In Dead Lines, Greg Bear takes a different path from his previous novels, confronting readers with technology and terror from the point of view of protagonist Peter Russell. Peter is unemployed, still mourning the murder of his ten-year old daughter Danielle, divorced from Helen who has taken second daughter Lindsey, and grieving over the death of his best friend Phil. Peter turned to drinking but has been sober for the past eighteen months. He earns some money running errands for the eccentric Joseph Adrian Benoleil and his wife Michelle. The Salaambo estate consists of an old, one-time elegant, non-habitable mansion 'Jesus Wept', and 'Flaubert House' in which the Benoleils dwell. The two buildings are connected by an underground tunnel with a questionable past.

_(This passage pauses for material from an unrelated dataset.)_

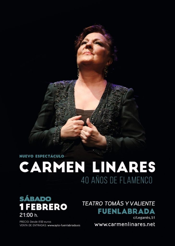 Carmen Linares abre hoy (21.00 horas) las XXXVI Jornadas Flamencas de Fuenlabrada, en las que también actuarán mañana Israel Fernández, Dani de Morón y Gregorio Moya. El ciclo madrileño, que se celebra en el Teatro Tomás y Valiente, está dedicado en esta edición al añorado Pepe de la Matrona.

Peter is offered a job with Trans, a company promoting new cell-phone technology boasting a vast bandwidth. Accepting the position as public relations rep to develop promos to 'sell the cell', Peter is allotted a number of free phones for distribution. The company's rep Stanley Weinsten, and Arpad Kreisler, engineer of the 'transponder' (the power source of the Trans phones) are housed in the abandoned San Andreas prison facilities. After accepting the job, Peter begins to see apparitions, 'eel shadows', wisps of images, and misty figures. After spreading Phil's ashes over the sea near his friend's residence, Peter sees three phantom-like girls in the company of an elderly man, a man who resembles a weather-worn statue. From a bedroom in Phil's house, Peter hears weeping, discovers a woman's figure standing by the bed, and recognizes Phil's ex-wife Lydia. Except ... Lydia had come and gone earlier that day to give Peter access to Phil's house.

Returning to his own home, Peter hears a child's cries. Entering a bedroom, he sees daughter Lindsey, dropped off earlier by Helen for an overnight stay. Within minutes the phone rings - Helen advising him that she was unable to drop Lindsey off. Then who did he just talk with and hug? Other characters, such as Sandaji and Edward, spiritualist and psychic, add dimension and suspicion. While on an errand for Joseph to see Sandaji, Peter spots a young boy from another time period. He realizes the ghost sightings began upon acquisition of the Trans cell phones, and destroys those still in his possession. One late night, Peter visits the Benoleil estate using alarm code access to the property. He experiences haunting, eerie 'wraiths', visualizations of the living, and 'specters', appearances of the dead. Climbing the stairs in Joseph and Michelle's home, Peter senses something behind him, 'Shoo', he says. Then thinks 'You're my death ... grab me and shake me ... shake and chew and shake some more until I'm nothing but an empty sack of skin.'

Bear builds suspense from chapter to chapter with a purposeful leisurely-paced style. Descriptions are poetic as in 'Jasmine and honeysuckle vied with ... old rosebushes to scent the air, and the splashes of red and yellow and pink in the late-morning sun'. Bear describes scenes with finesse, and delicacy, yet with wonder, and his haunting prose encourages the reader to keep searching for answers. The last lines on the last page offer 'We were all there in that city that draws its paycheck from the manufacture of ghosts ... You'll join us soon enough. You're next.' I recommend Dead Lines as a gripping, out-of-the-ordinary story.